## BRIEF
Output the whole listing exactly, with no pictures.

## DATA FOR REVIEW
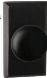
906G-1 Non-Handed (US10B, USD10B, US15, USD15A) Function Passage/Privacy $154 Half Dummy $77
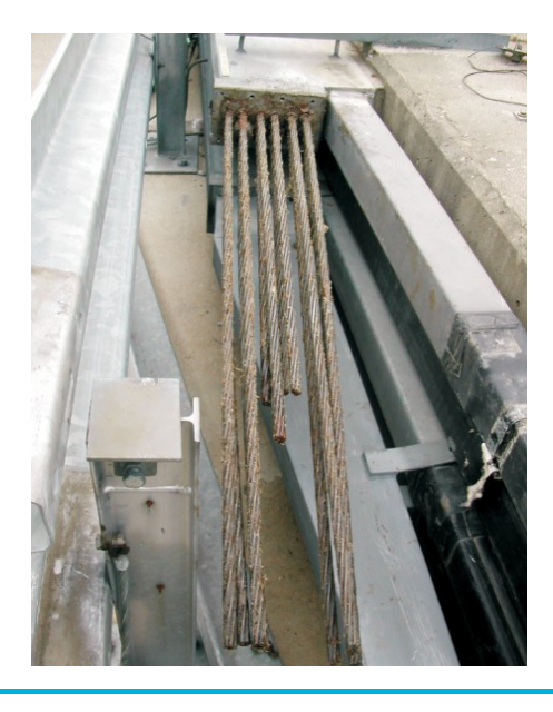
Gleitbau Ges.m.b.H. Itzlinger Hauptstraße 105, 5020 Salzburg, Austria
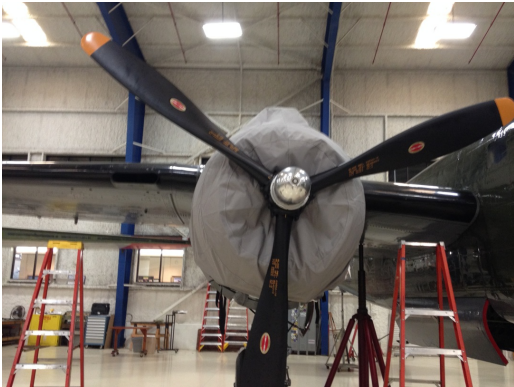
B25 Engine Cover
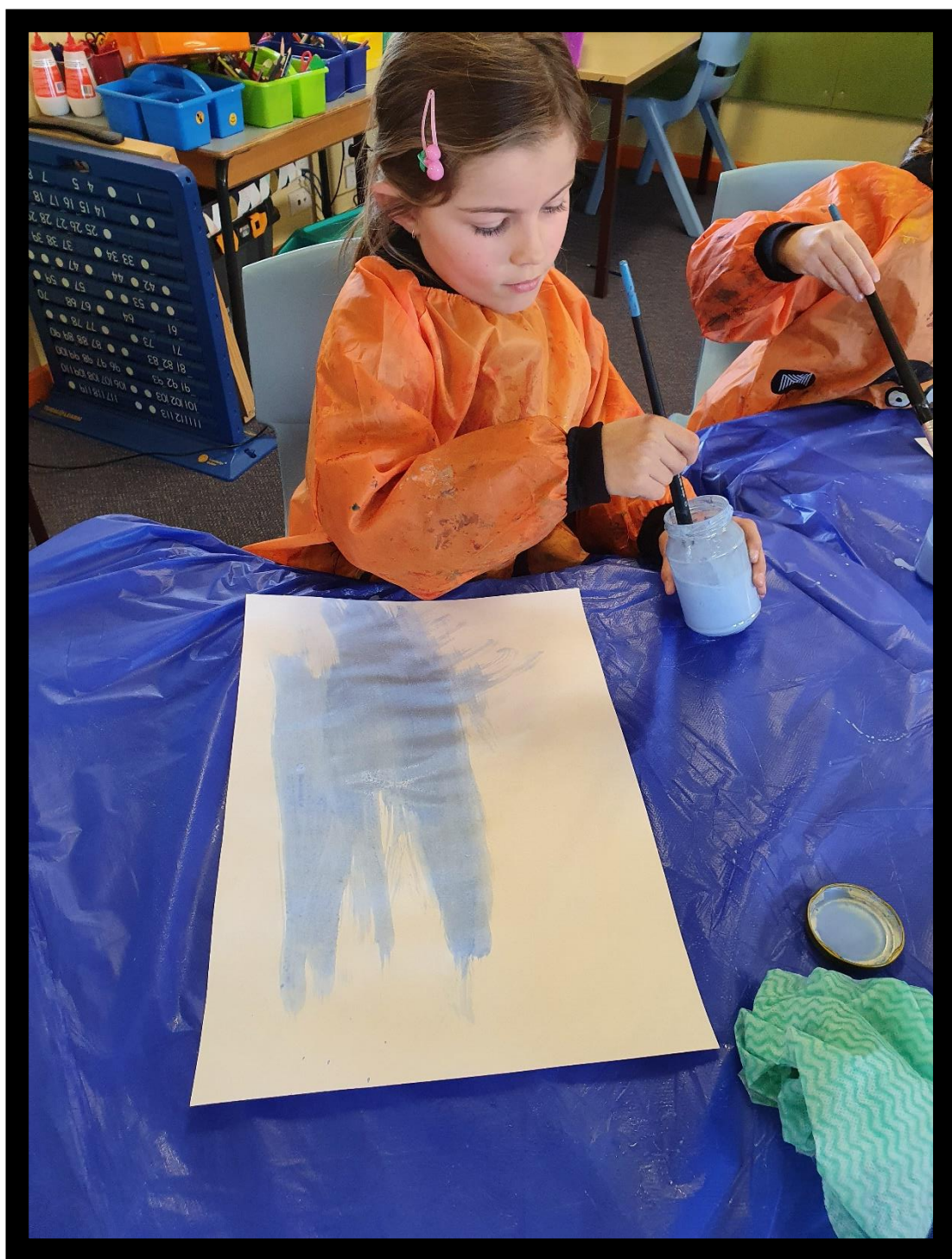
Painting “Winter in Germany” Winter in Deutschland. This is the beginning of a work in progress!
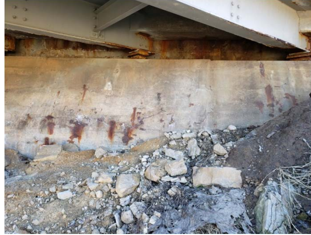
North Abutment - Overview

## PROBLEM SOLUTION
906G-1 Non-Handed (US10B, USD10B, US15, USD15A) Function Passage/Privacy $154 Half Dummy $77
Gleitbau Ges.m.b.H. Itzlinger Hauptstraße 105, 5020 Salzburg, Austria
B25 Engine Cover
Painting “Winter in Germany” Winter in Deutschland. This is the beginning of a work in progress!
North Abutment - Overview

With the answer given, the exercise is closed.